Third, the European Central Bank can build on its strong reputation, as inflation expectations have remained aligned with the objective of price stability over the medium-term. Once inflation expectations become de-anchored (i.e., consumers and businesses do not believe the central bank will meet its price stability objective), tighter than expected monetary policy may be required to re-anchor them. This is more costly for growth, as higher interest rates push up the cost of borrowing and weaken consumption and investment. That was the experience of the US after the second oil price crisis in the 1980s, when the Fed aggressively tightened its monetary policy under Chairman Paul Volcker to recover credibility.[7] Currently, euro area inflation expectations in surveys and in financial markets are still close to the European Central Bank’s inflation of 2% over the medium-term, which has clearly expressed its determination to act in this uncertain environment to effectively prevent de-anchoring.

Deteriorating terms of trade lead to a loss of income and wealth, but the euro area economy is overall more resilient to weather commodity price hikes than in the past.
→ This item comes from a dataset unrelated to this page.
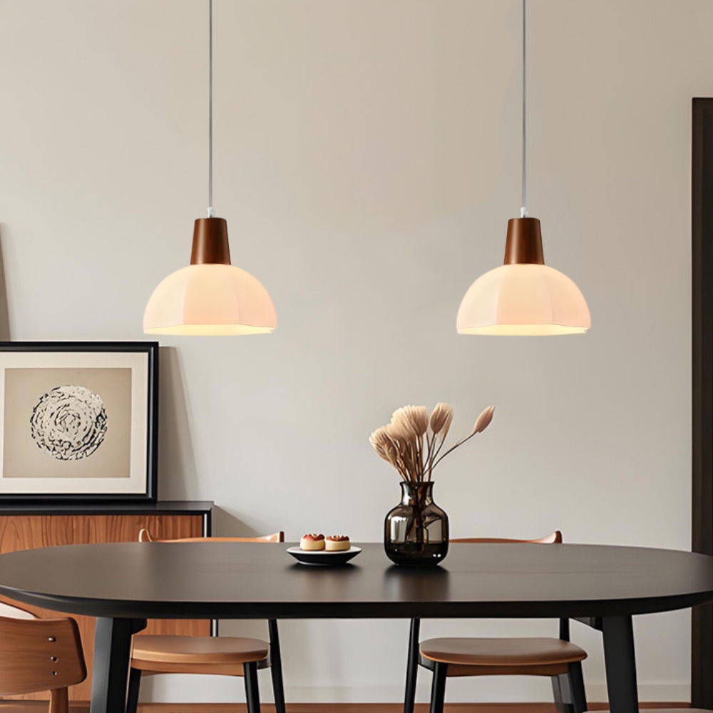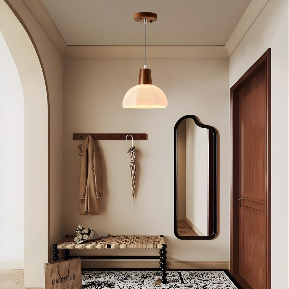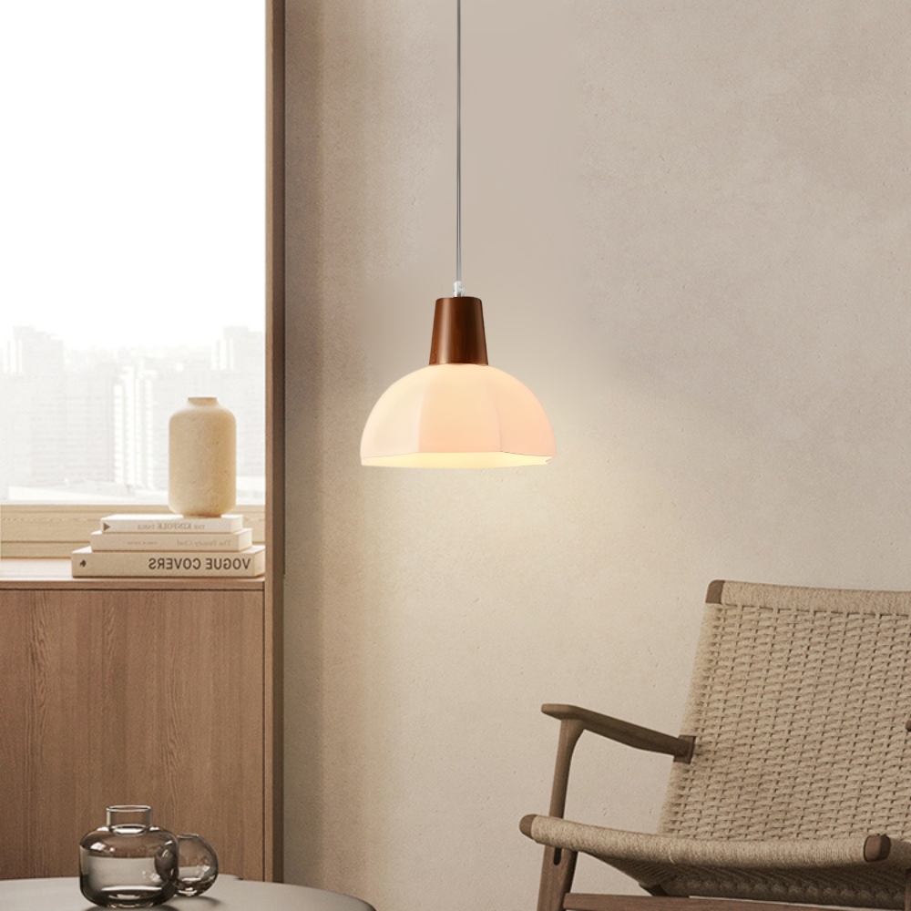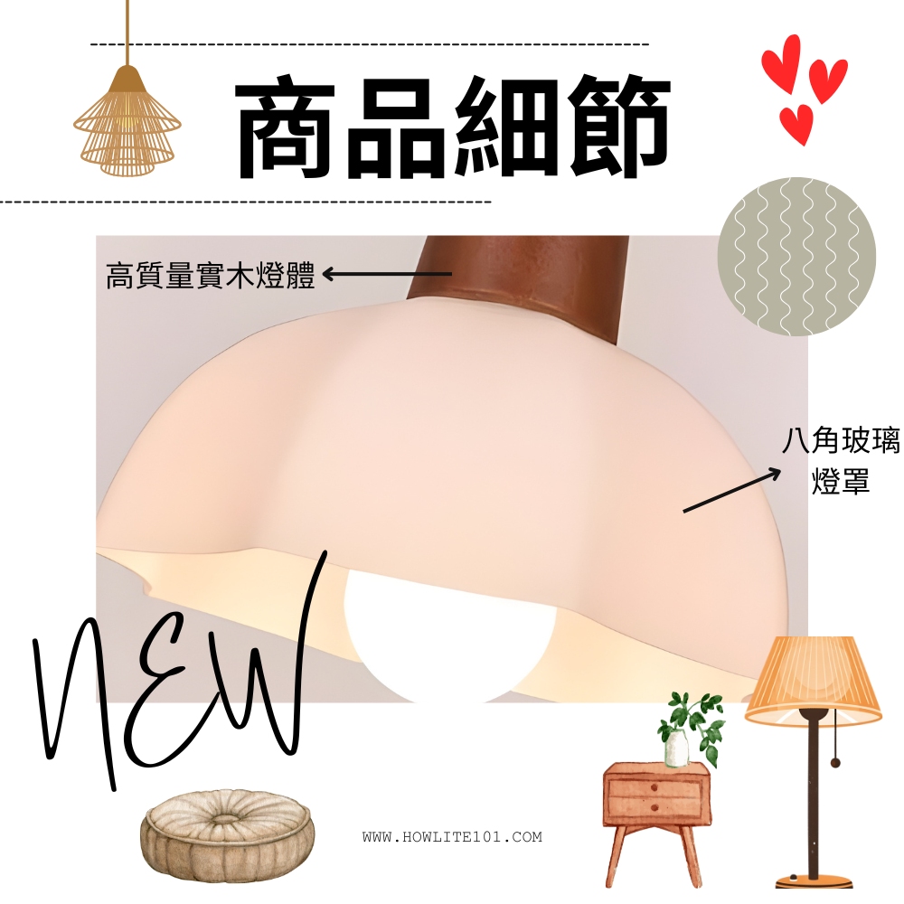 實木燈體 + 玻璃燈罩

In the short run, little can be done to avoid or correct the loss of wealth. The increases in energy and food prices will affect the poorest most, as they consume a large part of their earnings. Governments can aim to cushion the impact for the most vulnerable with targeted policies. For firms, the need for policy support depends on how energy-intensive the sector is and on whether access to finance from banks and in markets remains possible. From a medium-to long-term perspective, a rapid and effective deployment of the Next Generation EU fund in Europe seems increasingly vital. Enforcing the green transformation and strengthening energy diversity was already a key objective for the future, but a crisis has made the urgency to act more acute.

Acknowledgments

This column builds on work by Gergely Hudecz, Martin Iseringhausen, and Edmund Moshammer. I would like to thank my colleagues for their valuable contribution.

[1] Terms of Trade are defined as a country's export prices relative to its import prices.
[2] Data are taken from AMECO and aggregate the initial EU 12 countries. They reflect annual averages.
[3] European Central Bank (2022), Macroeconomic projections (europa.eu)
[4] Economists talk here about the first and second round effects of energy price increases. See European Central Bank (2010) Energy markets and the euro area macro-economy, Occasional Paper No. 113, June.
[5] The Organisation for Economic Co-operation and Development (OECD) has recently published slightly larger numbers. OECD (2022), Economic and Social Impacts and Policy Implications of the war in Ukraine – OECD Economic Outlook, Interim Report.
[6] See Blanchard and Gali (2009). “The Macroeconomic Effects of Oil Price Shocks: Why Are the 2000s so Different from the 1970s?”, in Galí, J. and Gertler, M. (eds.), International Dimensions of Monetary Policy, University of Chicago Press, 2009, pp. 373421.
[7] This is also a finding firmly established in the academic literature. See, for example, Gaspar, Smets and Vestin (2010), “Inflation Expectations, Adaptive Learning and Optimal Monetary Policy”, Handbook of Monetary Economics, in: Friedman & Woodford (ed.), Handbook of Monetary Economics, edition 1, volume 3, chapter 19, pages 1055-1095

About the ESM blog: The blog is a forum for the views of the European Stability Mechanism (ESM) staff and officials on economic, financial and policy issues of the day. The views expressed are those of the author(s) and do not necessarily represent the views of the ESM and its Board of Governors, Board of Directors or the Management Board.